Die Politik von heute konzentriert sich in ihrer Wahrnehmung auf jene, die sichtbar sind oder sich selbst sichtbar machen. Zu jeder Zeit ist das eine Verkennung, denn es gibt viele, die an verantwortlichen Stellen, ohne Öffentlichkeit, im Hintergrund und ausdauernd große Leistungen vollbringen. Einer von Ihnen ist am 26. Juni von uns gegangen.

Dr. Peter Mahringer, Sektionschef am Minoritenplatz, seit 1989 Kabinettschef der Minister Geher und Busek. Kabinettschef des Vizebürgermeister Busek von 1978 bis 1987, Mitarbeiter der Bundes- und Landesparteileitung der ÖVP in der Kärntnerstraße und Falkestraße, ist knapp vor seinem 60. Geburtstag von uns gegangen. Was Freunde an ihm verloren haben wissen sie. Was Österreich von ihm hatte, sei kurz in Erinnerung gerufen. Er war ein wesentlicher Mitgestalter von "Pro Wien" - Jörg Mauthe hat ihm in seinem letzten Buch "Demnächst" ein Denkmal gesetzt -, Gestalter einer modernen Stadtpolitik jenseits von engstirnigem parteipolitischem Denken, Mitarbeiter an zwei Universitätsreformen, der Schaffung von Fachhochschulen, der Intensivierung der Forschungspolitik und vor allem an einer neuen Museumslandschaft, die bleibend seine Handschrift trägt.
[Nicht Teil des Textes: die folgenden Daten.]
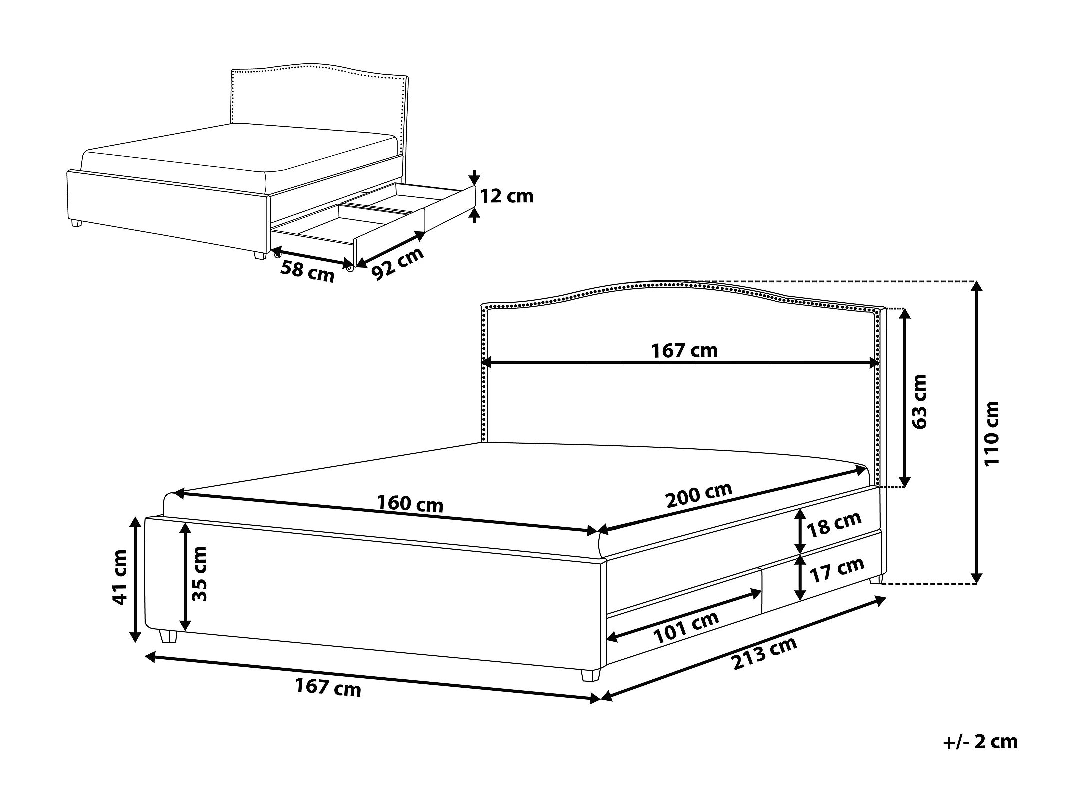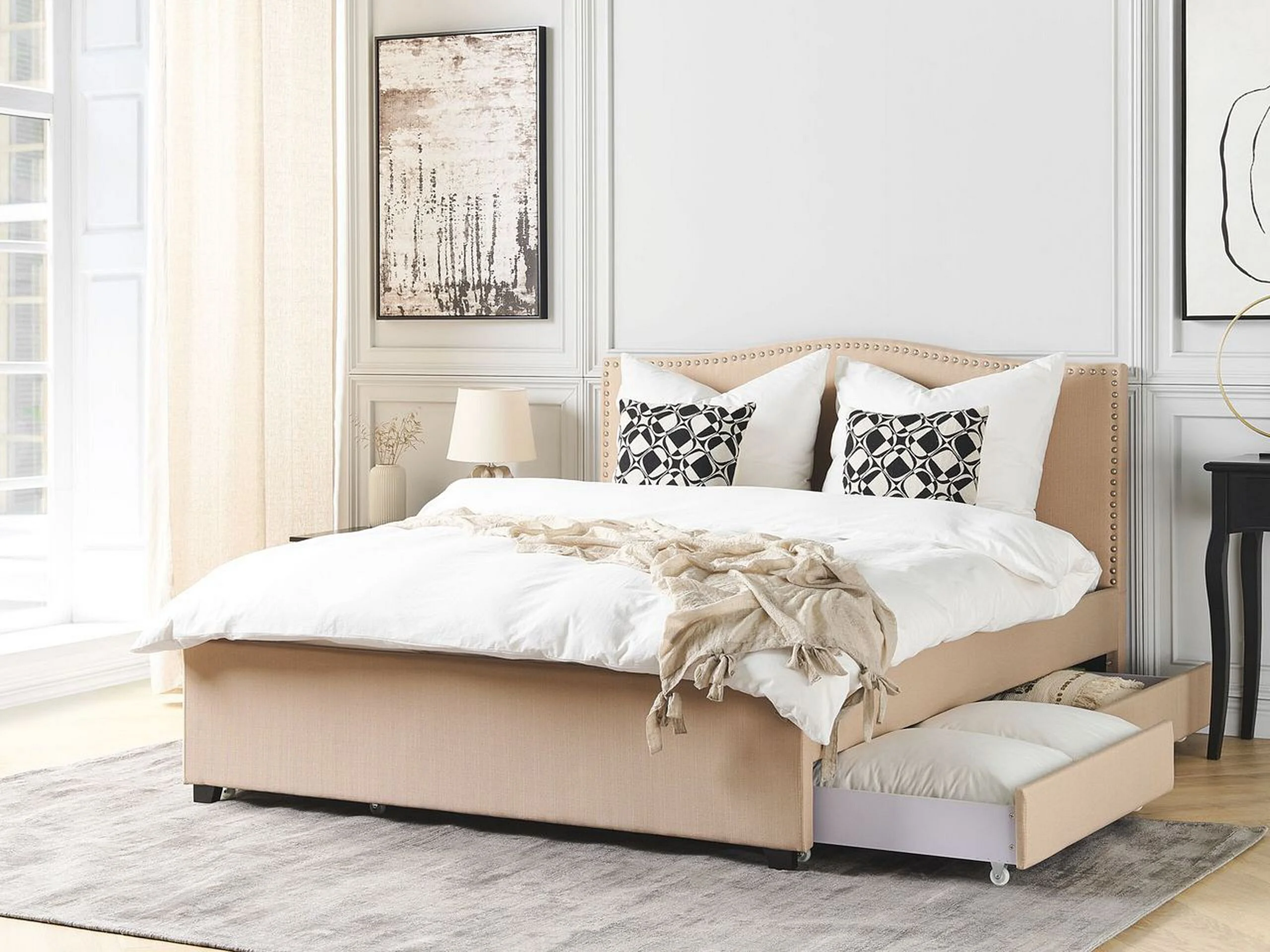 Lit avec tiroirs de rangement Tissu MONTPELLIER 160 x 200 cm Beige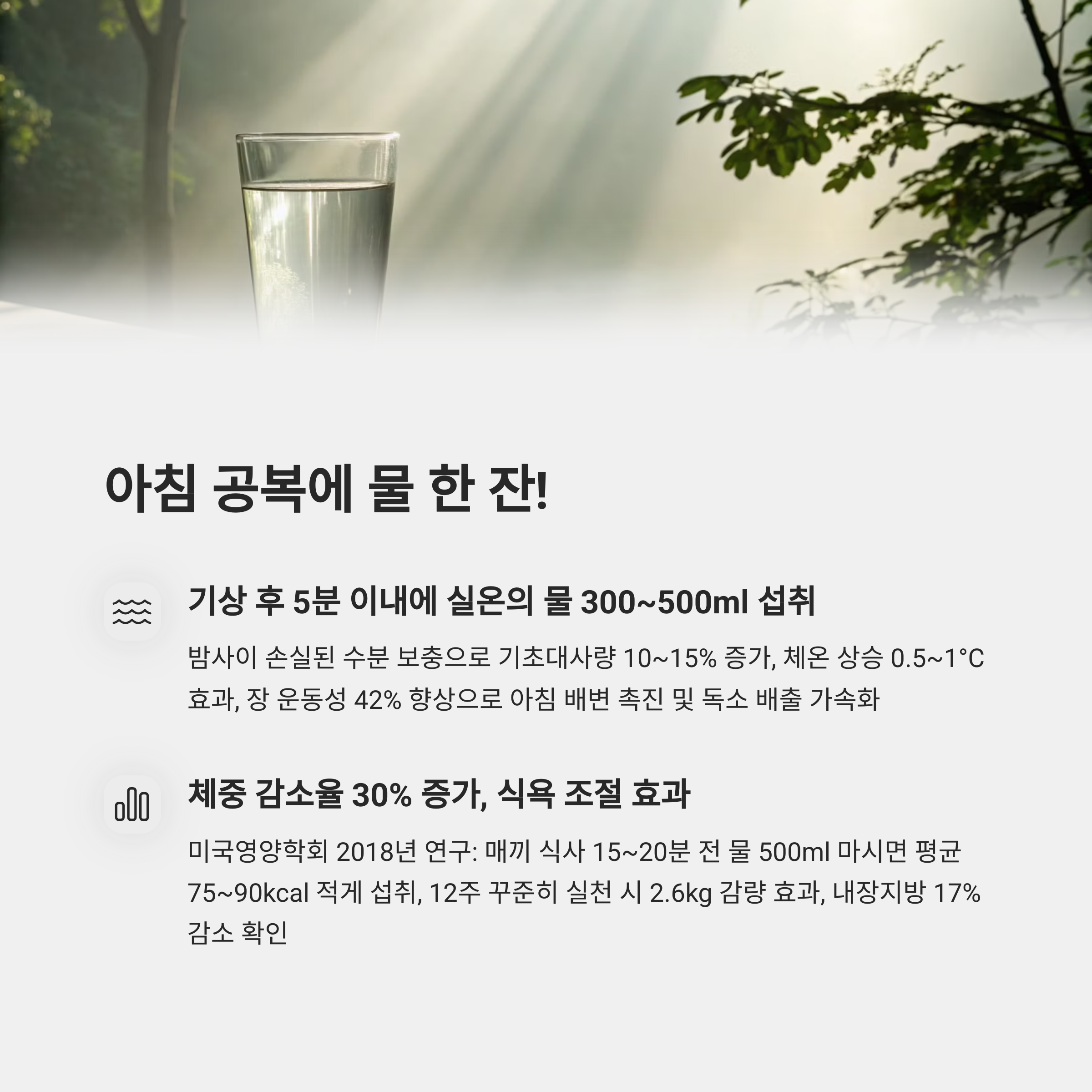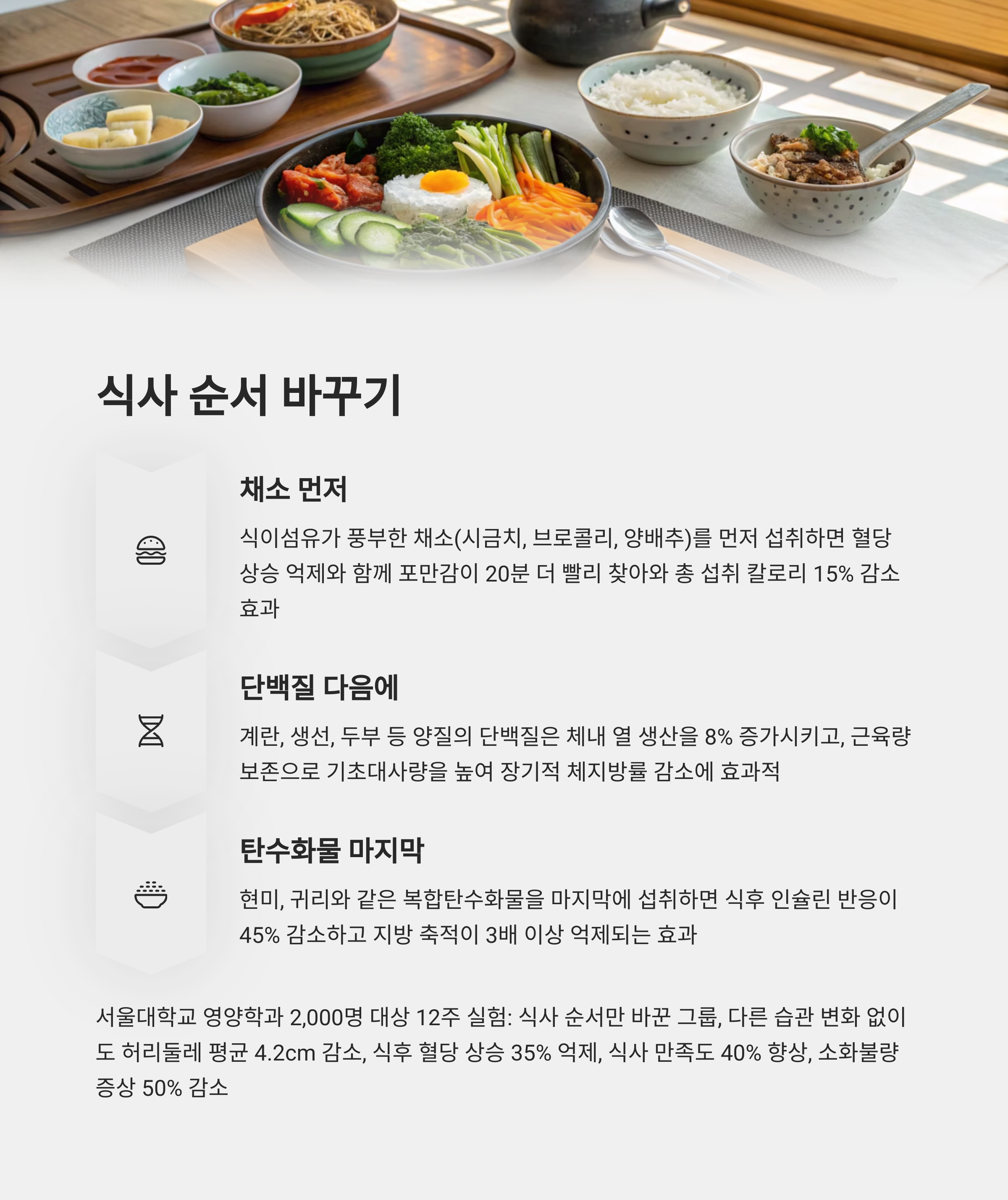 하루 수분 섭취량의 30%를 아침 공복에 채우면 신진대사 활성화 + 식욕 억제 효과가 함께 나타납니다. - 식사 순서 바꾸기: 채소 → 단백질 → 탄수

Unermüdlich war er Jahrzehnte in Mittel- und Südosteuropa unterwegs und hat viel dazu beigetragen, dass Österreich im Transformationsprozess dieser Länder einen wesentlichen Beitrag geleistet hat. Sein Vater war Anton Mahringer, ein bedeutender Künstler aus dem "Nötscher Kreis", dessen Werk er mit Hingabe und Liebe betreute. Dass er stets für andere da war, rundet das Bild einer Persönlichkeit ab, die für viele unvergesslich bleibt. Neben einem steten Andenken und der Sorge um seine Frau und seine beiden Söhne, schulden wir einem überzeugten Österreicher tiefen Respekt. Wenn er an seinem 60. Geburtstag am 2. Juli bestattet wird, sind viele im Geiste mit ihm.